Posttraumatische Belastungsstörung ist in der Regel nicht im Heimatland behandelbar, wenn bei Rückkehr dorthin Retraumatisierung droht.

 

Schlagwörter: Türkei, Widerruf, Abschiebungshindernis, zielstaatsbezogene Abschiebungshindernisse, Krankheit, psychische Erkrankung, posttraumatische Belastungsstörung, medizinische Versorgung, Situation bei Rückkehr, Suizidgefahr
Normen: AufenthG § 60 Abs. 7; AsylVfG § 73 Abs. 3
Auszüge:

Posttraumatische Belastungsstörung ist in der Regel nicht im Heimatland behandelbar, wenn bei Rückkehr dorthin Retraumatisierung droht.

(Leitsatz der Redaktion)

 

Die - zulässige - Klage ist begründet.

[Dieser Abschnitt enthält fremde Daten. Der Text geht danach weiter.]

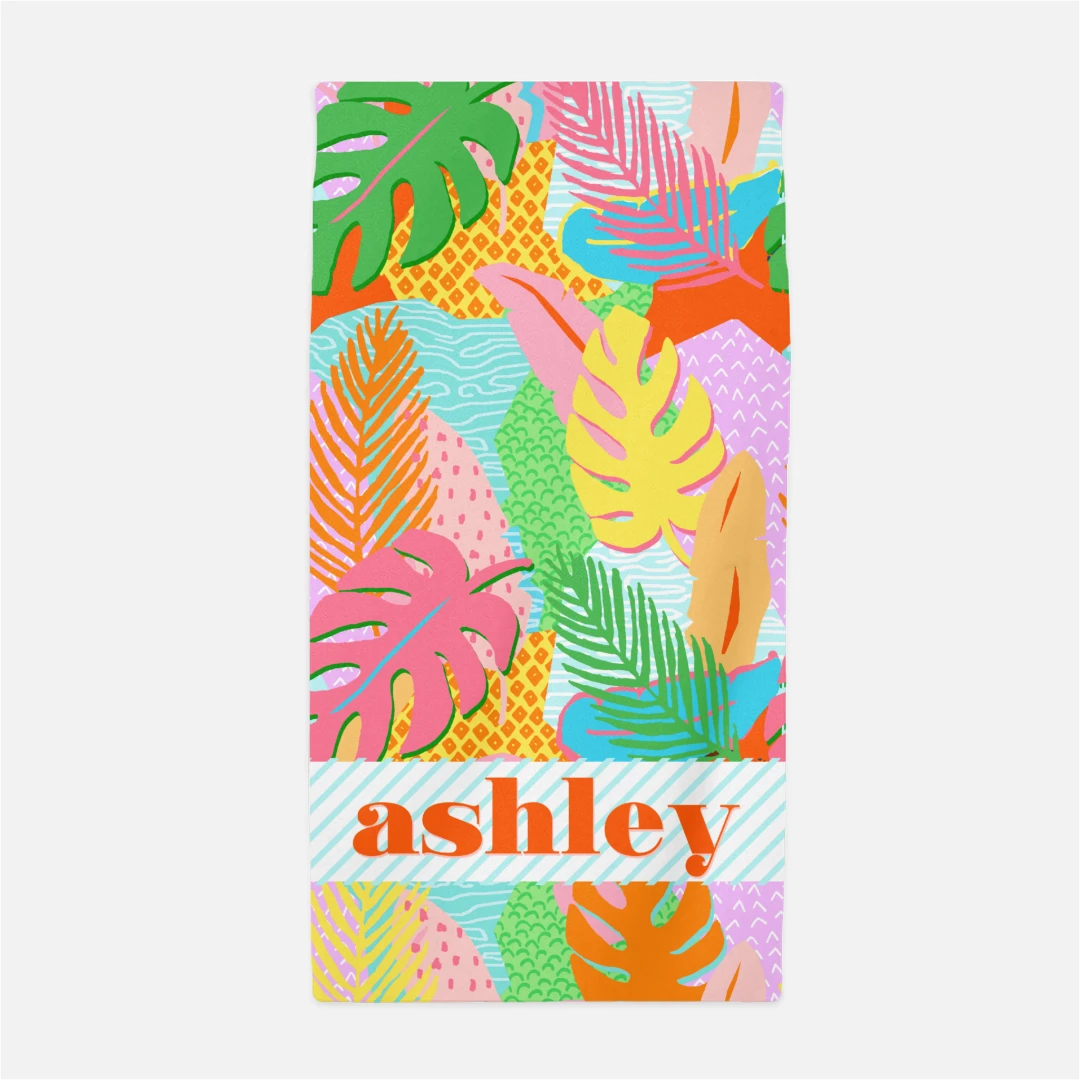 Mark your loungers at the pool with these vibrant, personalized beach towels. Super plush 5.5 oz. sheared microfiber 100% polyester face and reverses to 100% cotton terry loops. Towel measures 30″ x 60″. Design is on front face of towel only. Â

Der angefochtene Bescheid, mit dem die Feststellung des Vorliegens eines Abschiebungshindernisses nach § 53 Abs. 6 AuslG widerrufen worden ist, ist rechtswidrig und verletzt die Klägerin in ihren Rechten (§ 113 Abs. 1 VwGO).

Die Beklagte hatte derartige extreme Gefahren mit dem nunmehr widerrufenen Bescheid vom 02.02.2001 (zurecht) im Hinblick auf die bei der Klägerin vorliegende traumabedingte Erkrankung angenommen. Sie hat dabei ein zielstaatenbezogenes Abschiebungshindernis angenommen, weil nach dem damals aktuellen Lagebericht des Auswärt. Amts (vom 22.06.2000) keine adäquaten Behandlungsmethoden für traumatisierte Menschen in der Türkei zur Verfügung stünden. Zwar sei die rein medizinische Versorgung gesichert, weiterführende Therapien könnten jedoch aus fachlichen und finanziellen Gründen im allgemeinen nicht angeboten werden.

Der Widerruf beruht auf der Annahme, dass sich Versorgungslage inzwischen grundlegend geändert habe und für Rückkehrer in die Türkei Erkrankungen wie der Posttraumat. Belastungsstörung gut behandelbar seien.

Diese - sehr abstrakt gehaltene - Darstellung im Anhang zum aktuellen Lagebericht des Auswärt. Amtes stützt diese Einschätzung kaum. Sie stellt im Grundsatz nur sehr generell die Anzahl der insgesamt in der Türkei vorhandenen Plätze zur stationären Behandlung von (sämtlichen) psychischen Erkrankungen und zur Rehabilitation von Menschen mit unterschiedlichen (auch körperlichen) Behinderungen dar und erscheint dem Gericht wenig aussagekräftig. So folgt aus der Angabe einer Kapazität von insgesamt 10000 Betten für die stationäre Behandlung von (sämtlichen) psychisch Kranken angesichts einer Bevölkerungsanzahl von rund 70 Millionen Menschen nur, dass für jeweils 7.000 Menschen ein Bett zur Verfügung steht. Was traumatische Erkrankungen angeht, wird lediglich auf die Anwendung des international anerkannten Diagnoseschlüssels der WHO und des DSM-IV sowie auf Behandlungskonzepte verwiesen. Wer und in welchem Umfange solche Behandlungen anbietet und wem diese zugänglich sind, lässt sich dem Bericht nicht entnehmen, er enthält insbesondere keine Aussage zu der Frage, ob und unter welchen Voraussetzungen ein aus Deutschland zurück geführter Flüchtling konkret und individuell eine Chance auf Zugang zu einer fachärztlichen Behandlung hat und ob diese, wenn überhaupt, über die stationäre Verwahrung für beschränkte Dauer unter rein medikamentöser Behandlung hinausgeht.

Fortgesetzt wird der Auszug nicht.